By Yu Pom Tong IMCOMJuly 24, 2017
CHEONAN, South Korea - More than 200 Cheonan residents joined 36 American and KATUSA Soldiers from Camp Humphreys to honor the fallen during the annual Battle of Cheonan Commemoration at Martin Park here July 8.
The Korea Freedom Federation Cheonan Chapter hosted the event with support from Cheonan City.
The ceremony marked the 67th anniversary of the battle, fought by American Soldiers of the 34th Infantry Regiment, 24th Infantry Division and South Korean Army Soldiers. During the battle on July 7-8, 1950 more than 100 Soldiers died, including the 34th Infantry Regiment's commander Col. Robert R. Martin, for whom the park is named.
U.S. Army Garrison Humphreys commander Col. Scott W. Mueller and Command Sgt. Maj. Willie F. Pearson attended representing the garrison.
The first speaker Jang, Kyu-yong, president of the KFF Cheonan Chapter, emphasized the importance of the Republic of Korea-U.S. alliance.
"As you know North Korea has still not abandoned its goals of unifying the peninsula under their rule.
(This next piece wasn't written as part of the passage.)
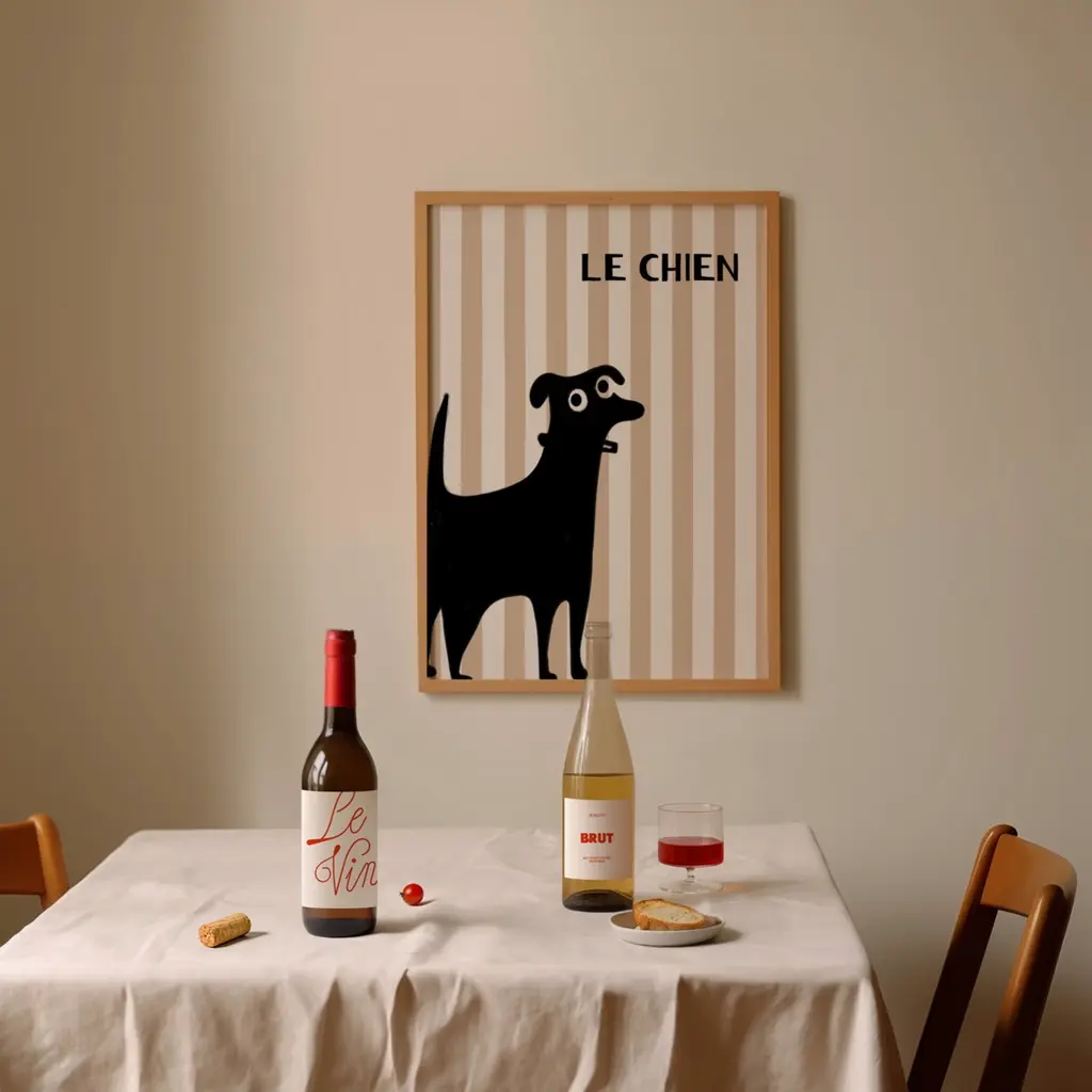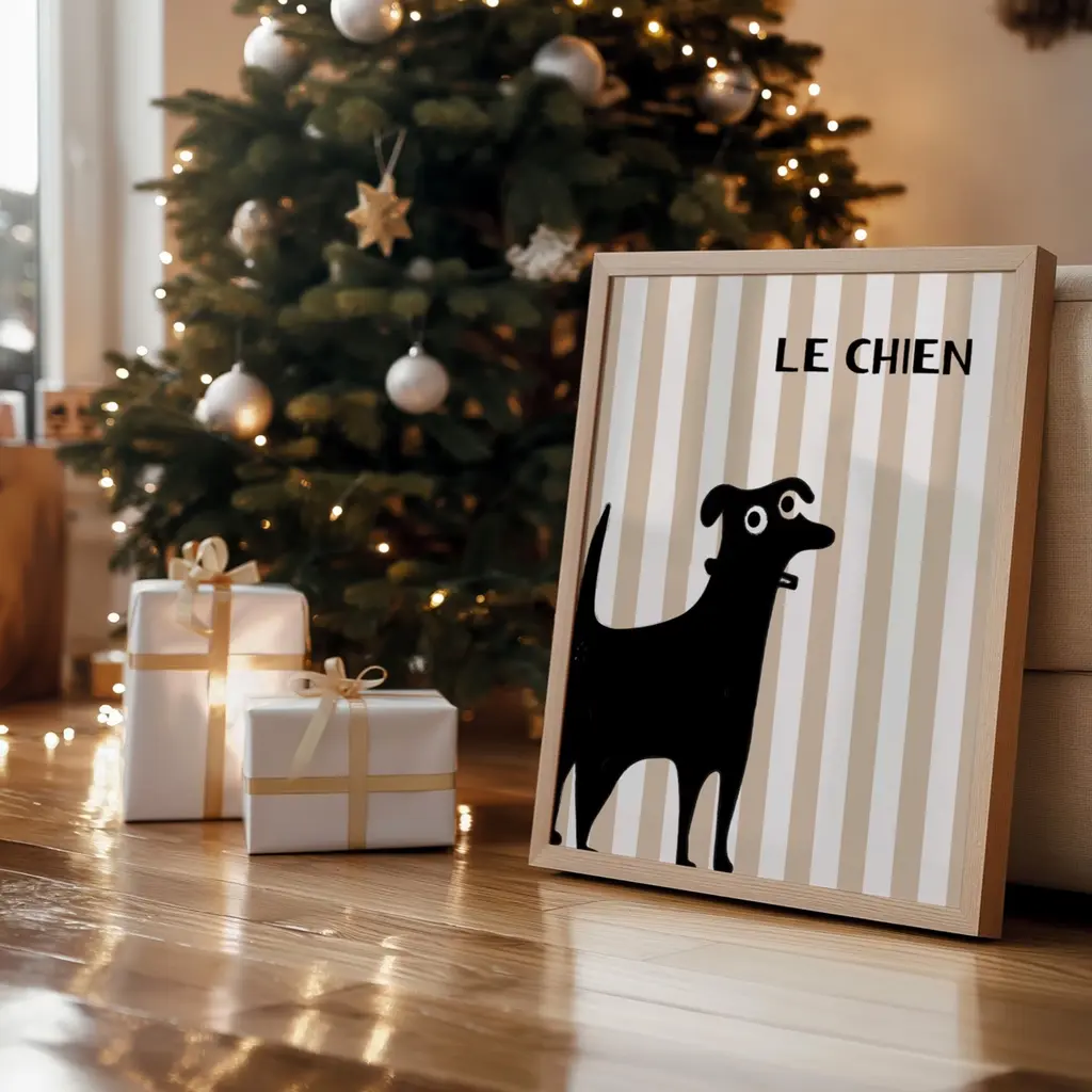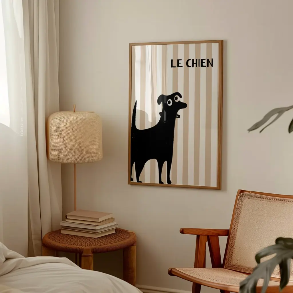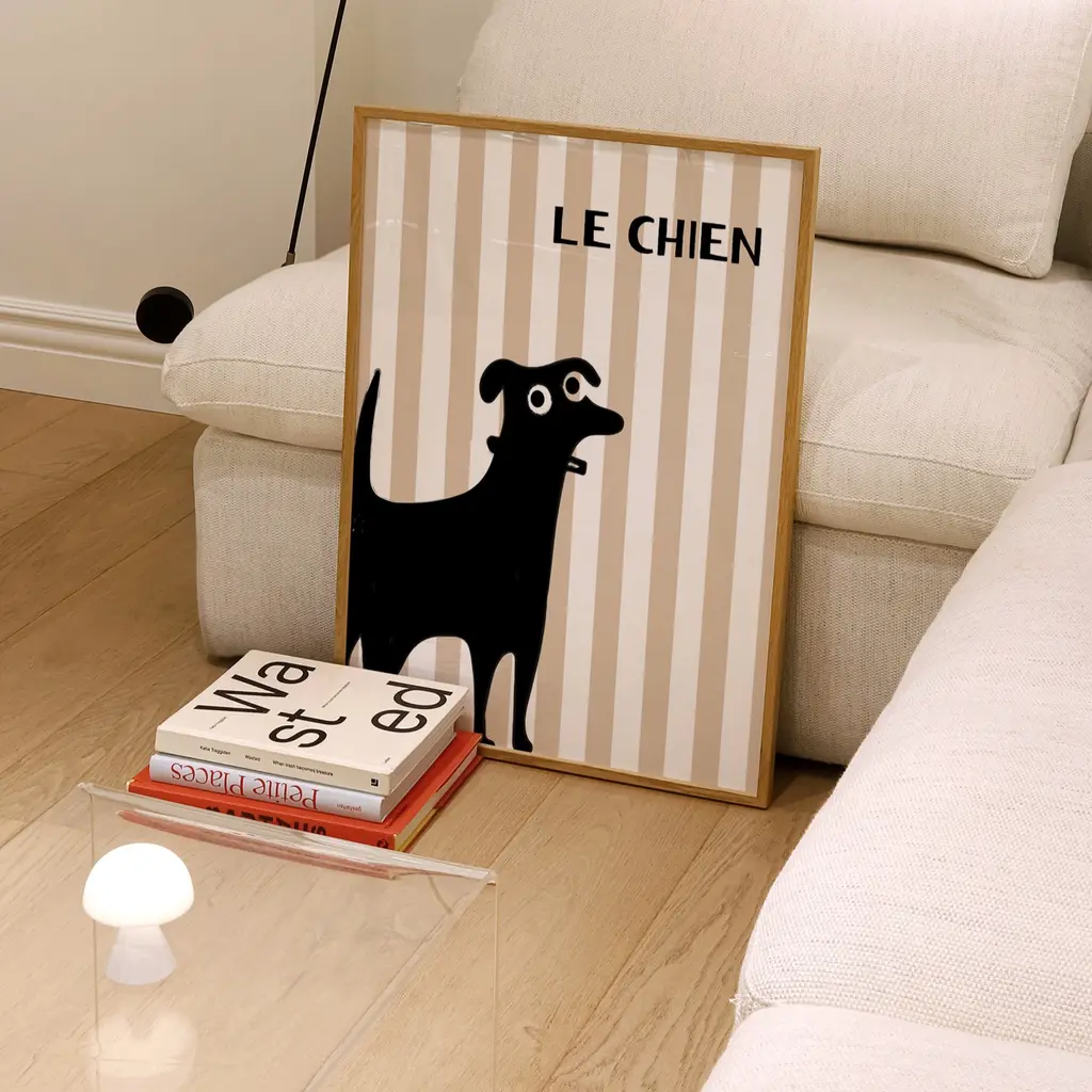Le Chien Dog Pet Animal Striped Retro Art Print

We are not intimidated by North Korean actions, including the Cheonan sinking, the shelling of Yeon Pyeong Island, the fifth nuclear test in September 2016, or the intercontinental ballistic missile tests carried out on May 14, 21, 27 and 30," Jang said. "In such a tight security situation, we must keep the peace in Korea through a strong ROK-US alliance grounded in a sense of security."
The Cheonan vice mayor, So, Cheol Mo, reminded everyone to remember the fallen and to honor those who serve today.
"We will remember the noble sacrifice of nearly 33,000 American Soldiers who died for freedom and peace during the Korean War, our respect and gratitude for them will last forever," So said. "I would also like to extend my deepest gratitude to the U.S. Forces in Korea who devote themselves to maintain the security of the Republic of Korea even at this moment."
Mueller spoke next, noting how appropriate the park be named for the fallen commander of the 34th Infantry Regiment.
"In the United States the Korean War is often called the forgotten war. It is appropriate that this place be named Martin Park for it honors the memory of those brave Soldiers who made the ultimate sacrifice during those early, desperate days of the Korean War. It is right and proper that we remember their sacrifices that those who fought here know they will never be forgotten," he said.
Ms. Yim, Kyeong-nam, Vice President of KFF Cheonan Chapter gave a memorial poetry reading next that emphasized the meaning of the ceremony. The title of the poem was 'Between Heaven and Earth' by 'Mr. Lee, Byeong-seok.'
'Cheonan Samgeori (triple way intersection) is a square where the big heaven, earth, and human meet and commune.
'In Martin Park, a blessed land where eagles and doves huddle open hearted and hand in hand, we pray in memory of noble souls.
'Dedicated to the commemoration of the great and honorable victims with the 34th Regiment, 24th Division who fell glorious flowers in Cheonan battles, during the Korean civil war for the welfare and democracy of the world for the freedom and peace of this nation.
'God bless the brave Soldiers forever and ever in the name of all the brothers in Korea and all the world over.
'Thy unselfish love and noble sacrifice shall shine brightly in the history of human race with eternal heavenly blessing!
'Thy love humanity and sublimity shall be taken over forever glorious warriors, rest in comfort in heaven! Peace be with thee in the arm of God on the 67th anniversary.'
Next, Hwang, Du Hwan, student leader of Samgeori Elementary School next to Martin Park read a thank you letter for Mueller and the U.S. Soldiers who participated in the ceremony.
"I really appreciate you letting us live without a war," Hwang said. "I have noticed that here could be a grave of someone, even though I walk with friends pleasurably on the way to school and back. Thanks to the noble sacrifice of the Soldiers, we can live without any difficulty and Korea could develop and be one of the good countries."
John Eimes, an American college professor who works for Sungkyunkwan University in Suwon, attended the ceremony as a way to honor his father John Adam Eimes and Martin. The elder Eimes, an Infantryman, was wounded in the Korean War and later retired from active duty in 1969. Eimes's academic advisor, Professor Patricia Parker, is the granddaughter of Col. Robert Martin.
"I would like to honor my father and my advisor's granddad," Eimes said.
Following the event, the Humphreys Soldiers visited Independence Hall in Cheonan to learn about Korean history during Japanese rule on Korean peninsula from 1910-1945.